Dropout in Context and Alternatives

Dropout is one regularization technique among many. Batch normalization acts as a regularizer by adding noise through batch statistics. Data augmentation (random crops, rotations, color jittering) provides implicit regularization. Early stopping halts training when validation performance plateaus. Ensemble methods combine multiple models for better generalization. Modern best practice often combines multiple techniques—dropout alone is rarely sufficient.

For recurrent networks (RNNs, LSTMs), standard dropout on activations causes information loss across timesteps. Variational dropout (applying the same dropout mask across timesteps) preserves information flow while still regularizing. This distinction explains why standard dropout can severely damage RNN performance while variational dropout preserves it. Implementation details like this matter deeply for architectural choices.

Dropout probability schedules (varying p during training) have been explored: starting with no dropout, gradually increasing p during training, then disabling it near convergence. The theoretical justification is that the model needs sufficient signal early in training before regularization becomes helpful. Empirical results are mixed, suggesting that fixed dropout rates tuned via validation sets typically outperform complex schedules.

Theoretical analysis of dropout reveals connections to ensemble methods. Applying dropout is equivalent to training an exponentially large ensemble of networks (with shared weights). Each forward pass with dropout samples from this ensemble. At inference with dropout disabled, the predictions average over the ensemble. This ensemble interpretation explains why dropout improves generalization—ensemble methods have strong generalization guarantees from statistical learning theory.

Bernoulli dropout (the standard) randomly zeros activations with fixed probability. Variational dropout (used in RNNs) uses the same dropout mask across timesteps. Concrete dropout treats dropout rates as learnable parameters, optimized via backprop to maximize generalization. Spatial dropout (used in CNNs) zeros entire feature maps instead of individual activations. Choosing the right dropout variant for your architecture and domain matters significantly.

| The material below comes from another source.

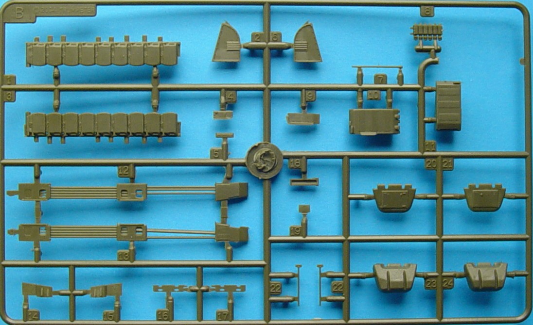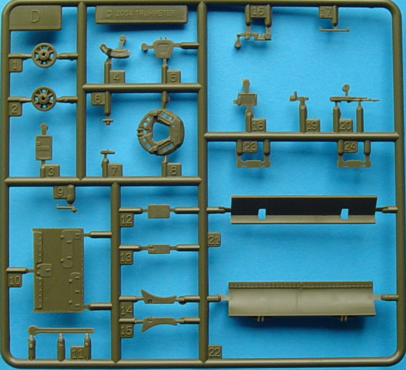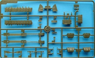 The first of Trumpeters stand alone Modern vehicles, again it is an unusual but very welcome from my point of view, choice. The hull is moulded in the usual trumpeter style of top and bottom, being fully detailed. However in difference to the JGSDF tanks, the suspension arms are moulded seperately, giving the builder the choice of how to position the wheels, through the full range of suspension movement on this unique vehicle, bearing in mind that elevation and depression of the main gun was achieved through suspension movement. Sprue A contains the road wheels and suspension arms for each side of the vehicle, there are two of these sprues in the kit. It also contains some of the many periscopes and the frontal Bar armour seen on many of these tanks.One thing to be wary of is that the suspension arms don't have any positive location, so care has to be taken when aligning them. Sprue B contains the parts for the wading equipment, the S-tank is capable of wading through the erection of a screen fitted around the hull. The sprue also contains the armoured side skirts and the rear and front stowage panniers.The front two used to house Machine guns, I am not sure if they still do or are now being used for storage. Sprue C contains various hull fittings and main gun, plus the optional exhaust. Sprue D contains the cupola and the forward dozer blade, used for self entrenching Trumpeter have continued the trend of using the same vinyl tracks as on the other modern MBT's, these again are highly detailed and fit well around the wheels. Decals are provided for one vehicle, which is obviously from Sweden. The kit scales out at 1/72nd scale according to my references. Again this is another very detailed and welcome release from Trumpeter, and one that I have been waiting for someone to release, but never thought anyone would. The kit has a lot of small parts which is why it is so detailed, not that I am complaining, but it does make this kit not one for the faint hearted. References Jane's Armour and Artillery 1990-91 11th Edition by Christopher F Foss Jane's Tanks and Combat Vehicles Recognition guide Second Edition by Christopher F Foss |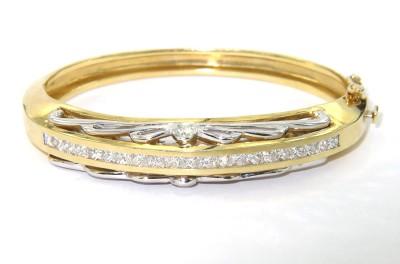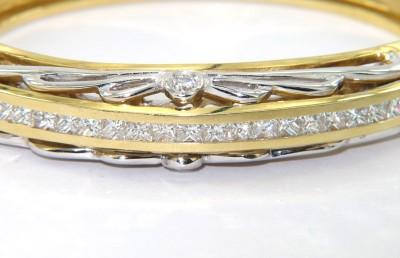 Salavetti 18K Yellow Gold Diamond Bangle. The total bangle's weight is 52.9 grams. The total weight of 20 princess cut diamonds are 2 cts,approxmiately. G color VS clarity. The measurement of bangle: 51 x 45 mm. The bangle is 11 mm wide and 3 mm in thickness

Modern architectures often minimize dropout (sometimes using zero) because data augmentation and other regularization techniques provide sufficient regularization. Vision transformers with strong augmentation (RandAugment, Mixup) often use minimal dropout. Language models rely on dropout but are trending toward lower rates as model capacity and dataset size increase. There's a general trend toward data-centric over regularization-centric approaches.

BOOST

Dropout and Uncertainty Quantification

Monte Carlo dropout uses multiple forward passes with dropout enabled to estimate model uncertainty. By running the same input multiple times with different dropout masks, you get different predictions. The distribution of these predictions estimates confidence. High variance across runs indicates low confidence; low variance indicates high confidence. This technique enables uncertainty quantification without modifying the model, using the regularization mechanism as an uncertainty estimator.

Applications of uncertainty quantification include active learning (querying unlabeled examples where the model is most uncertain), out-of-distribution detection (rejecting samples where uncertainty is anomalously high), and calibration (relating reported confidence to actual accuracy). Dropout-based uncertainty is approximate (not true Bayesian posteriors) but computationally efficient and often effective in practice.

Comparing dropout to other uncertainty methods (ensemble, temperature scaling, Laplace approximation, full Bayesian) reveals trade-offs. Dropout is cheap and easy to implement; full Bayesian is theoretically correct but computationally expensive. Ensembles are effective but require multiple models. Practitioners should choose uncertainty methods based on computational budget and accuracy requirements, not religious adherence to any single approach.